The case was ordered up for review because of a possible conflict between the ruling of the Court of Appeal and the decision of this court in the Morrison Case.

After an examination of the record as sent up we have found the case so lacking in merit that we have concluded to pretermit any consideration of the question of potestative condition and to affirm the judgment on the merits.

The offer to purchase the property was signed by W.J. Aicklen, Jr., as secretary and treasurer of plaintiff company, "for client."

It expressly provided that the title was subject to examination and approval by the purchaser's attorney, and the act of sale was to be passed before a notary selected by the purchaser within 45 days from the date the offer was accepted. The plaintiff obligated itself to make the deposit with the defendant as a part of the purchase price immediately after the offer was accepted.

There is some conflict as to whether this deposit was to be made in cash or by note of the purchaser but the offer itself provided for a note of the purchaser. The evidence is conclusive that no deposit whatever was made to defendant either in cash or by note.

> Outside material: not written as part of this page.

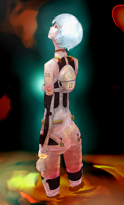 alternate costumeassbandagesblue hairlclmecha pilot suitpale skinplugsuit (evangelion)red eyesshort hairsolothighhighs
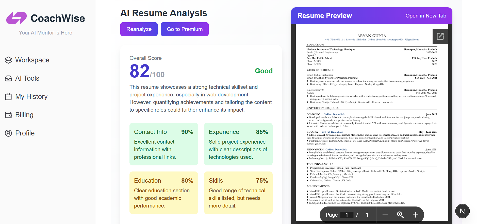 βCoachWise showed me the mistakes in my resume and helped me land two interviews in a week!β

It is further shown that no attempt whatever was made by plaintiff, or by any one secured by plaintiff, to carry into effect the offer to purchase. No deed to the lots in Gulfport was ever presented to the defendant and no effort was made to secure the homestead loan as stated in the offer and no part of the cash portion of the purchase price was ever offered or tendered to the defendant within the 45 days or at any other time. *597

Indeed the position of the plaintiff seems to be that it was entitled to the commission when its offer was accepted by the defendant though no purchaser was ever secured. In the third paragraph of the petition it is alleged that the commission was earned and payable when the offer to purchase was signed by the plaintiff and accepted by the defendant.

No such obligation was incurred by the defendant or contemplated by the parties at the time the offer was made and accepted.

The commission could only be earned and became due when the offerer obtained a person ready, willing, and able to buy on the terms stated in the offer, and this, as we have seen, was never done.

It would be strange indeed to say that the defendant owed the plaintiff a commission for making the offer to purchase.

The agent of plaintiff, who negotiated with the defendant and secured the acceptance of the offer to purchase, testified that Mr. Aicklen, who was secretary and treasurer of the plaintiff company and who was interposed as the supposed purchaser, never made any attempt whatever to go through with the sale.

This agent said that Aicklen wanted to purchase and offered to carry out the offer to purchase, but she only knew this from what Aicklen said.

This agent further testified that the defendant wanted to get $600 cash and asked her to get Mr. Aicklen to give her that amount, but she told defendant the act of sale had not gone through. After which the defendant stated that she would not go through with the sale.

It is needless to pursue the discussion further. It suffices to say that the record establishes *598 to our satisfaction that the suit has no merit in law or fact.

The decree of the Court of Appeals is affirmed at the cost of plaintiff in all courts.